27th/28th October 2014 – 8th January 2015: Ceres in Sagittarius

by Sarah on 22/10/2014

 

 Ceres in Sagittarius, attachments, love and loss, faith and hope, spiritual expansion, open heart

 

The Butterfly Effect

by

Sarah Varcas

 
Asteroid Ceres enters Sagittarius at 10:05 pm GMT on 27th October. Ceres speaks to us of attachments and where we develop them. Of the identifications we make which either help or hinder our sense of self-worth. She speaks of the gains and losses which pepper our lives and points to the potential loss alive at the heart of every connection we make, be it with another person, a material object, an identity, belief system or lifestyle. For whatever means something to us, no matter the amount of pleasure we receive from it, the shifting nature of life inevitably means loss may be just around the corner, hidden from view but on the advance. Or it may not be, but we cannot tell either way. Such are the uncertainties of life: within every gain lies intrinsic loss and vice versa.

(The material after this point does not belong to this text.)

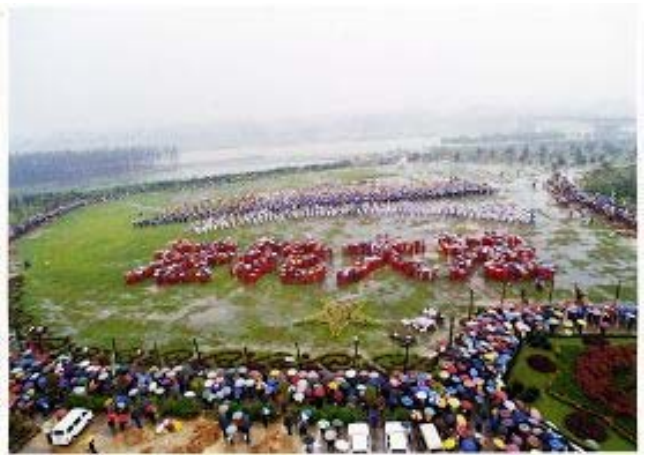
▲99年4月，武汉五千名学员排“法轮大法”字形

98年12月，武汉辅导站做了一个修炼法轮功健康调查。调查小组本着真实、准确的原则，对全市50余个炼功点2005名法轮功学员，在年龄、职业、文化成度、修炼时间、祛病健身效果、医疗费开支及个人不良嗜好等七个方面作了随机抽样调查，重点调查了2005名学员的修炼前后的身体和行为方式的变化情况。然后科学的进行统计归类分析，结果显示炼功后学员的身体变化十分明显，疾病完全痊愈率为

As she enters the sign of Sagittarius, replacing Mars who has moved on to Capricorn, Ceres reminds us that the more we broaden our horizons the greater our ability to maintain resilience in the face of life’s inevitable losses. Whatever the recent eclipse season has brought to our door, be it joy or sorrow, famine or feast, Ceres lifts up our eyes now, to face the future with hope rather than fear, and faith not suspicion. The more we can do this the greater our ability to ride the waves of change and loss, not be overcome by them. Sometimes life changes in the blink of an eye, never to be the same again. A loved one dies, our health suddenly fails, we lose something or someone that meant the very world to us. Or perhaps we simply see ourselves in the harsh light of day and can no longer deny or avoid what we see. These experiences which seem to shift the very ground beneath our feet are plentiful at this time when the cosmos is moving piece by piece to realign Uranus with Pluto for their next show of strength in December.

But Ceres holds our hand now and bids us expand rather than contract in the face of challenge. It may feel counter-intuitive for all of life is programmed for self-protection above all else and we are no different! However, she exhorts us in full knowledge that if we can do this – broaden our horizons, seek a different way, focus on a future that is different to the present if the present feels empty of promise – we are creating the very source of our own healing. She bids us now to heal into our future, not to dread it from the standpoint of present pain.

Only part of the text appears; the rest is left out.